IBM WebSphere Business Events (hereafter called Business Events) helps you detect, evaluate, and respond to the impact of events based on the discovery of actionable event patterns. It enables you to define and manage events, so that you can take timely actions. This results in reducing the total cost of ownership through codeless implementation. To ensure that a Business Events deployment is highly available, your implementation should leverage the existing high availability features of WebSphere Application Server Network Deployment (hereafter called Application Server ND).
Currently, additional configuration is required to leverage this Application Server functionality in WebSphere Business Events. In this article, you'll learn how you can develop a highly available architecture using the inherent Application Server ND functionality along with specific application settings in WebSphere Business Events and WebSphere MQ (hereafter called MQ), to provide high availability.
The term "high availability" has many definitions, but the term most often refers to a system that is available most of the time, for example, one that has minimal downtime, such as a scheduled downtime, which is required for upgrades or maintenance. Availability is measured in percent uptime divided by the total time. High availability is when this number is greater than 99.x, where the x represents between one and three positions of accuracy (for example, 99.999 percent availability is called “five nines availability”).

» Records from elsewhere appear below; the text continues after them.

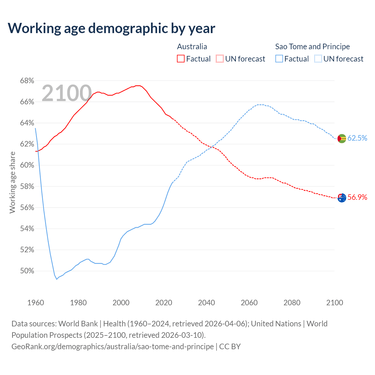 - The share of young demographic (0-15 years old) in Australia is 17.8% vs 37.8% in Sao Tome and Principe.
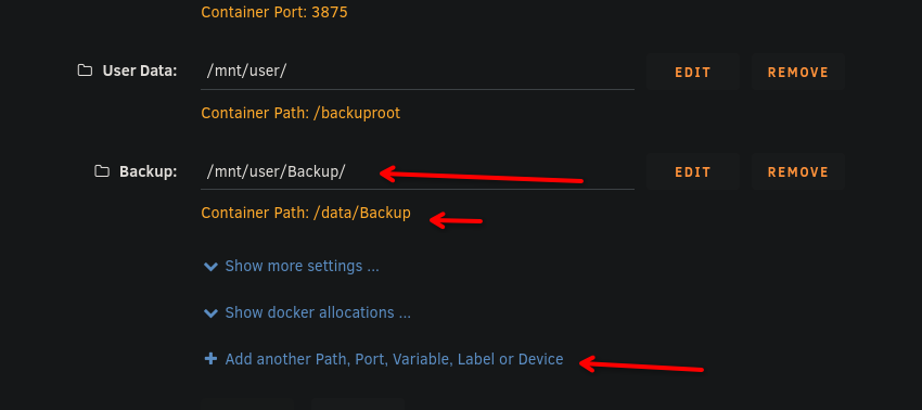 image where I mount /mnt/user/Backup/ to /data/Backup. Is this the right
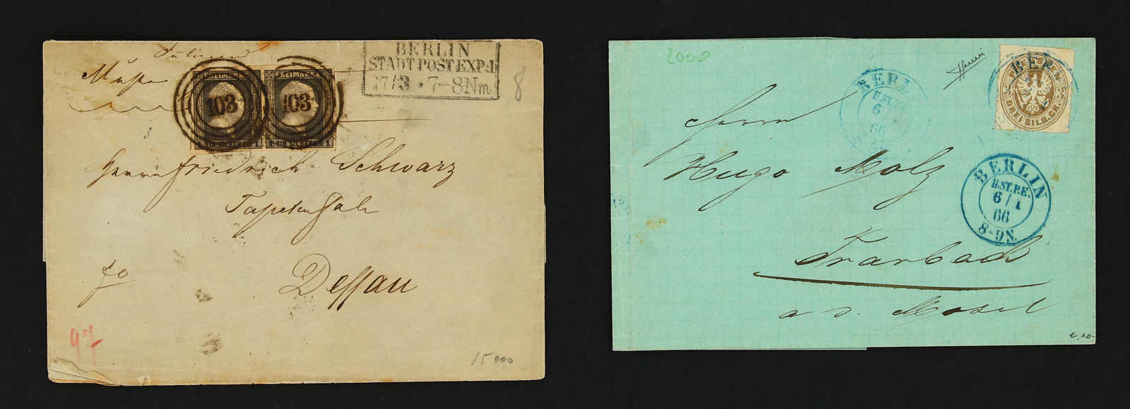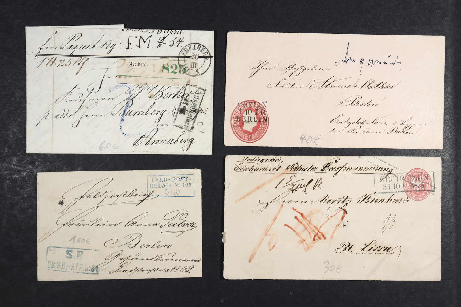 handschriftlicher Aufgabe "Angermünde", frankiert mit einem GAA 17, dazu etwas Sachsen, Bayern, T & T und Württemberg, ges. 10 Belege, hoher Katalogwert, überwiegend gute Qualität (Image) (imagea)
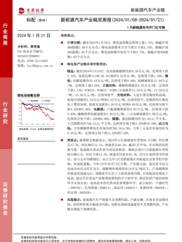 【东莞证券】【20240121】新能源汽车产业链双周报:1月新能源车市开门红可期-13页
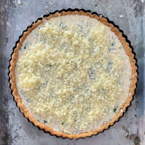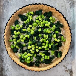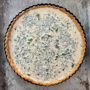 Making a good quiche from scratch is quite an operation, but the great thing about this recipe is that you can make all the elements several days in advance, bringing it all together on the day for the final bake. You can make the pastry, line the tart tin, blind bake the pastry case, prepare the vegetables and mix the custard filling 3-4 days in advance so with a bit of planning you can spread the work and make it a far less onerous task.
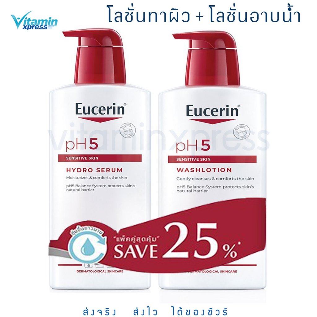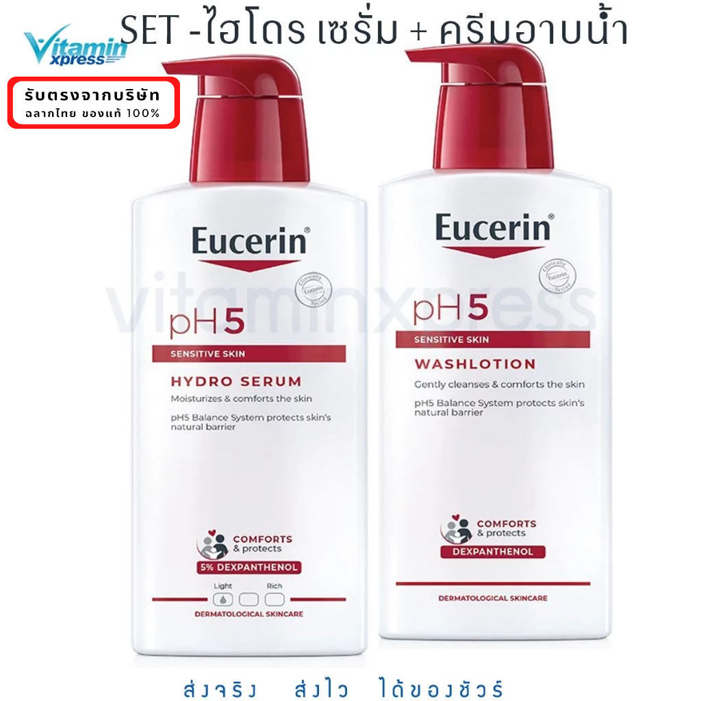 Eucerin pH5 HYDRO SERUM 400 ML AND pH5 SENSITIVE SKIN WASHLOTION 400 ML เซตบอดี้เซรั่มเพื่อผิวชุ่มชื้น
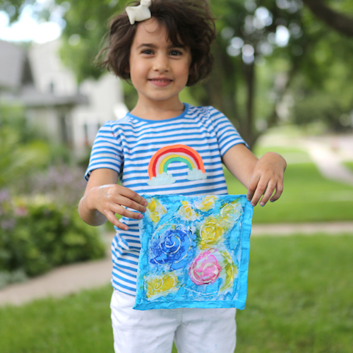 Step 7: Hang your child’s masterpiece on a tree branch or towel rack to dry.

The terms availability and high availability can have very different meanings depending on the audience. These terms often describe a variety of business goals and technical requirements, from hardware-only availability targets to mission-critical targets.
An available system is one that comprises a set of system-wide, shared resources that cooperate to provide essential services. High availability systems combine software with industry-standard hardware to minimize downtime by quickly restoring services when a system, component, or application fails. While not instantaneous, services are restored quickly--often in less than a minute.

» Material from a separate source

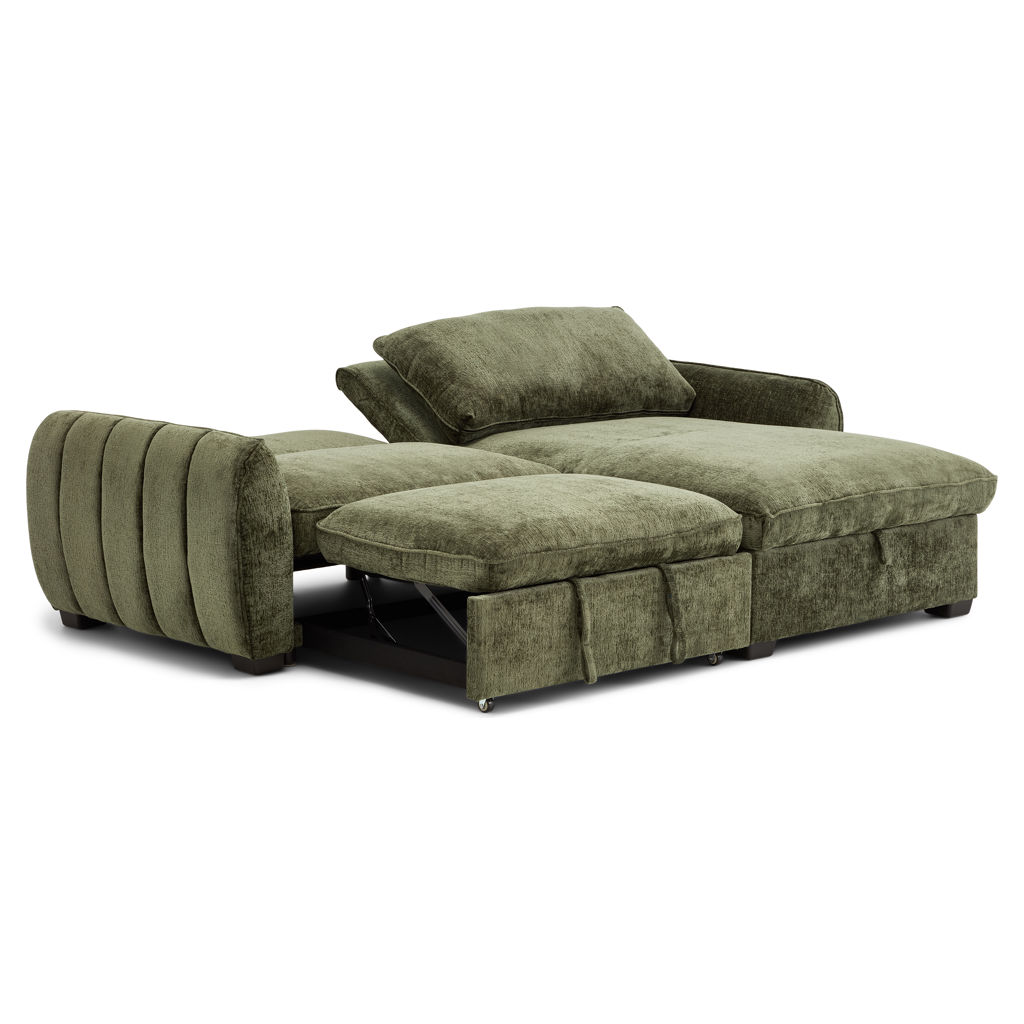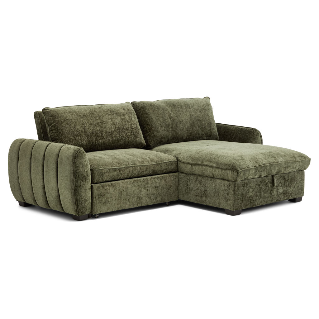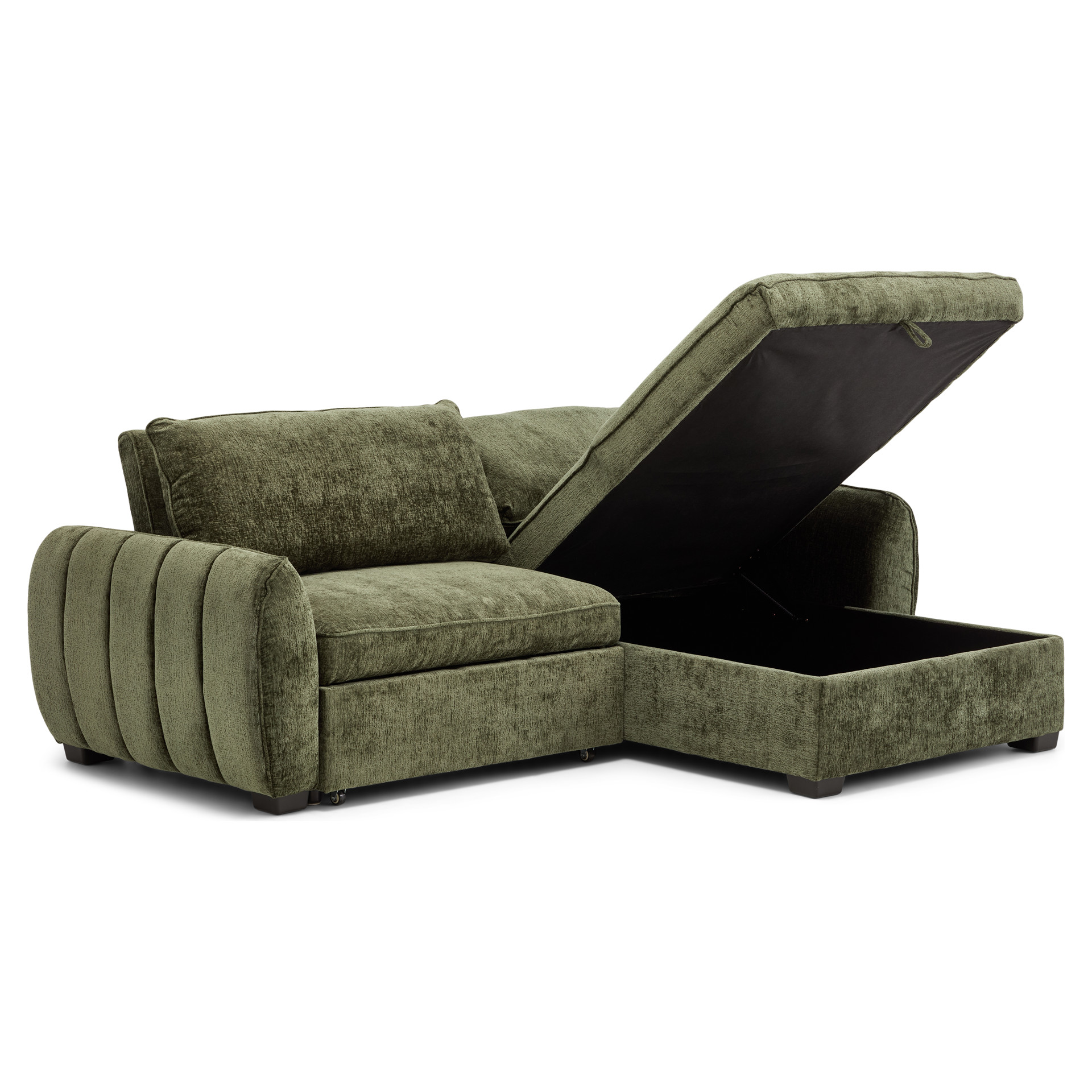 Discover the perfect blend of elegance and versatility with this L-shaped sofa that converts into a convenient sleeper. Its sophisticated olive-green hue and multiple features, including built-in storage in the chaise, make it an ideal solution for maximizing your living space. The Tregenna sleeper sofa is perfect for small spaces or families who love to entertain.

A high availability solution guarantees that a system will automatically recover in the event of a software or hardware failure. The goal of achieving high availability is to eliminate scheduled downtime and minimize unscheduled downtime. Often, organizations have inappropriate expectations regarding availability targets, and they might demand higher levels of availability than they are actually willing to pay for. Once an organization understands the total cost of implementation, many organizations revise their requirements. Implementing a high availability solution includes, but is not limited to, the following costs:
- Network infrastructure
As downtime approaches 0, high availability approaches 100%. Downtime includes both planned and unplanned downtime.
Table 1. Downtime averages
|Percentage||Weekly downtime Hours||Weekly downtime Minutes||Yearly average downtime|
According to Gartner Research Note, ID Number: AV-13-9472, the causes of downtime and their associated probabilities are as follows:
Table 2. Downtime causes and probability
|Causes of downtime||Probability|
|Software failures (unplanned)||40%|
|Hardware failures (unplanned)||10%|
|Human errors (unplanned)||15%|
|Environmental problems (unplanned)||5%|
As seen in Table 2, there are two categories of downtime: unplanned and planned. The environmentally-related and hardware failures are the least likely to happen, whereas software failures and planned downtime contribute up to 70% of system downtime.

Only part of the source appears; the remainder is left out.